Thursday, 26 March 2015

CONFAB ON MAHOGANY



 The Deputy Minister for Lands and Natural Resources, Barbara Serwaa Asamoah has hinted that the remaining forest reserve of Ghana is in serious danger due to certain human factors. These include over exploitation, illegal logging, conversion of forest reserves into farmlands, wildfires, and illegal mining resulting in deforestation and degradation. Similarly, tree species such as Mahogany are getting extinct. According to Madam Serwaa Asamoah, up to the 1950's, 70 percent of Ghana's total annual export was made up of mahogany. However, currently mahogany wood constitute only nine point zero-four percent of Ghana's total export earnings. The Deputy Minister was speaking at the opening of an international conference on the sustainable production of Mahogany species in Plantations in Tropical Africa.
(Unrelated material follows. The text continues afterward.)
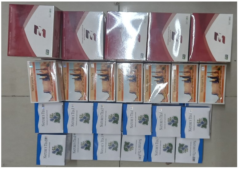 ယင်းအပြင် အကောက်ခွန်ဦးစီးဌာန၏ စီမံခန့်ခွဲမှုဖြင့် ရန်ကုန်အပြည်ပြည်ဆိုင်ရာလေဆိပ်၌ တာဝန်ကျစစ်ဆေးရေးအဖွဲ့က စစ်ဆေးမှုများ ဆောင်ရွက်ခဲ့ရာ ခရီးသည်ဝန်စည်များနှင့်အတူ ရောနှော တင်ဆောင်လာသော တင်သွင်းခွင့် စာရွက်စာတမ်း အထောက်အထား တစ်စုံတစ်ရာ တင်ပြနိုင်ခြင်း မရှိသည့် အမေရိကန်နိုင်ငံထုတ် Nature’s Tea (၁၉)ဗူး အပါအ၀င် ကုန်ပစ္စည်း(၃)မျိုး (ခန့်မှန်းတန်ဖိုး ငွေကျပ် ၂,၈၀၀,၀၀၀)ကို သိမ်းဆည်းရမိခဲ့ပြီး အကောက်ခွန်လုပ်ထုံးလုပ်နည်းနှင့်အညီ အရေးယူ ဆောင်ရွက်လျက်ရှိသည်။

The four-day Conference was jointly organised by the Forestry Research Institute of Ghana of the Council for Scientific and Industrial Research, the International Tropical Timber Organisation and the Thunen-Institute of Forest Genetics of Germany.  Madam Serwaa Asamoah noted that Ghana exported 18 thousand, 431 Cubic metres of sawn mahogany in 2010, earning the country about 11 point two million Euros  while in 2012, a little over nine million Euros was accrued to the economy from the export of the same wood specie. The Deputy Minister stressed the critical need for the country to develop sustainable measures to protect the remaining natural resources and in particular our timber species such as mahogany. The Chairman for the Conference, Professor Nana Frimpong Mensah of the Faculty of Renewable Natural Resources of the Kwame Nkrumah University of Science and Technology expressed delight that indigenous farmers have been involved in a Mahogany plantation project being undertaken by the project partners.